Los de arriba, los de abajo y los del medio En el océano del desamparo, se alzan las islas del privilegio. Son lujosos campos de concentración, donde los poderosos sólo se encuentran con los poderosos y jamás pueden olvidar, ni por un ratito, que son poderosos. En algunas de las grandes ciudades latinoamericanas, los secuestros se han hecho costumbre, y los niños ricos crecen encerrados dentro de la burbuja del miedo. Habitan mansiones amuralladas, grandes casas o grupos de casas rodeadas de cercos electrificados y de guardias armados, y están día y noche vigilados por los guardaespaldas y por las cámaras de los circuitos cerrados de seguridad. Los niños ricos viajan, como el dinero, en autos blindados. No conocen, más que de vista, su ciudad. Descubren el subterráneo en París o en Nueva York, pero jamás lo usan en San Pablo o en la capital de México.
Ellos no viven en la ciudad donde viven. Tienen prohibido este vasto infierno que acecha su minúsculo cielo privado. Más allá de las fronteras, se extiende una región del terror donde la gente es mucha, fea, sucia y envidiosa. En plena era de la globalización, los niños ya no pertenecen a ningún lugar, pero los que menos lugar tienen son los que más cosas tienen: ellos crecen sin raíces, despojados de la identidad cultural, y sin más sentido social que la certeza de que la realidad es un peligro. Su patria está en las marcas de prestigio universal, que distinguen sus ropas y todo lo que usan, y su lenguaje es el lenguaje de los códigos electrónicos internacionales. En las ciudades más diversas, y en los más distantes lugares del mundo, los hijos del privilegio se parecen entre sí, en sus costumbres y en sus tendencias, como entre sí se parecen los shopping centers y los aeropuertos, que están fuera del tiempo y del espacio. Educados en la realidad virtual, se deseducan en la ignorancia de la realidad real, que sólo existe para ser temida o para ser comprada.

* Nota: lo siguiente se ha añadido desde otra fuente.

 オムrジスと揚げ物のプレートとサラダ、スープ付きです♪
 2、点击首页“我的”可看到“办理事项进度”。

Fast food, fast cars, fast life: desde que nacen, los niños ricos son entrenados para el consumo y para la fugacidad, y transcurren la infancia comprobando que las máquinas son más dignas de confianza que las personas. Cuando llegue la hora del ritual de iniciación, les será ofrendada su primera coraza todo terreno, con tracción a cuatro ruedas. Durante los años de la espera, ellos se lanzan a toda velocidad a las autopistas cibernéticas y confirman su identidad devorando imágenes y mercancías, haciendo zapping y haciendo shopping. Los ciberniños navegan por el ciberespacio con la misma soltura con que los niños abandonados deambulan por las calles de las ciudades.
Mucho antes de que los niños ricos dejen de ser niños y descubran las drogas que aturden la soledad y enmascaran el miedo, ya los niños pobres están aspirando gasolina o pegamento. Mientras los niños ricos juegan a la guerra con balas de rayos láser, ya las balas de plomo amenazan a los niños de la calle.

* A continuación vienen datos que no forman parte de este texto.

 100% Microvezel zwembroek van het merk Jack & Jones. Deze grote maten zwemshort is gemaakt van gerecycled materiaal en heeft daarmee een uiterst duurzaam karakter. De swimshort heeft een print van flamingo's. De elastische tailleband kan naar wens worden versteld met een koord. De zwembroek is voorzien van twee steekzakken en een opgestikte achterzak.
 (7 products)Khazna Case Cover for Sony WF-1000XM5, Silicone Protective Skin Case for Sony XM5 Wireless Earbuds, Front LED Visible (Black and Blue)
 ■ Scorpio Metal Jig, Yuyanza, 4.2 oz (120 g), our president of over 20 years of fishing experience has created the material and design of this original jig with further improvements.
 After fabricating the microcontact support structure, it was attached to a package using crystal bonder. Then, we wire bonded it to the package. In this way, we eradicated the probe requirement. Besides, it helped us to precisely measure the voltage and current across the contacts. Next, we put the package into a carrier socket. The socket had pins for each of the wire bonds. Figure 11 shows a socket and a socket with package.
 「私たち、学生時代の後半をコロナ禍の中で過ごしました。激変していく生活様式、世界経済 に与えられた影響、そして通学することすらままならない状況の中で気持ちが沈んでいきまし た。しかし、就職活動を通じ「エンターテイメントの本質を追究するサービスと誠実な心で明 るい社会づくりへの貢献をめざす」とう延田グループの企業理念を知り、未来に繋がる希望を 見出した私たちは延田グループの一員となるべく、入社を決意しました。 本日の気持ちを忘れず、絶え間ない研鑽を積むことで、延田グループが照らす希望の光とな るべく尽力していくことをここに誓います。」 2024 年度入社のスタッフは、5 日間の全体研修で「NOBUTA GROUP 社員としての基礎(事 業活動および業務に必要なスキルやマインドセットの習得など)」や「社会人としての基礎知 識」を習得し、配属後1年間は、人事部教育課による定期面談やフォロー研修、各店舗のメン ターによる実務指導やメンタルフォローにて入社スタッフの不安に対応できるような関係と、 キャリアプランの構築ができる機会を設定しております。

En América latina, los niños y los adolescentes suman casi la mitad de la población total. La mitad de esa mitad vive en la miseria. Sobrevivientes: en América latina mueren cien niños, cada hora, por hambre o enfermedad curable, pero hay cada vez más niños pobres en las calles y en los campos de esta región que fabrica pobres y prohíbe la pobreza. Niños son, en su mayoría, los pobres; y pobres son, en su mayoría, los niños. Y entre todos los rehenes del sistema, ellos son los que peor la pasan. La sociedad los exprime, los vigila, los castiga, a veces los mata: casi nunca los escucha, jamás los comprende.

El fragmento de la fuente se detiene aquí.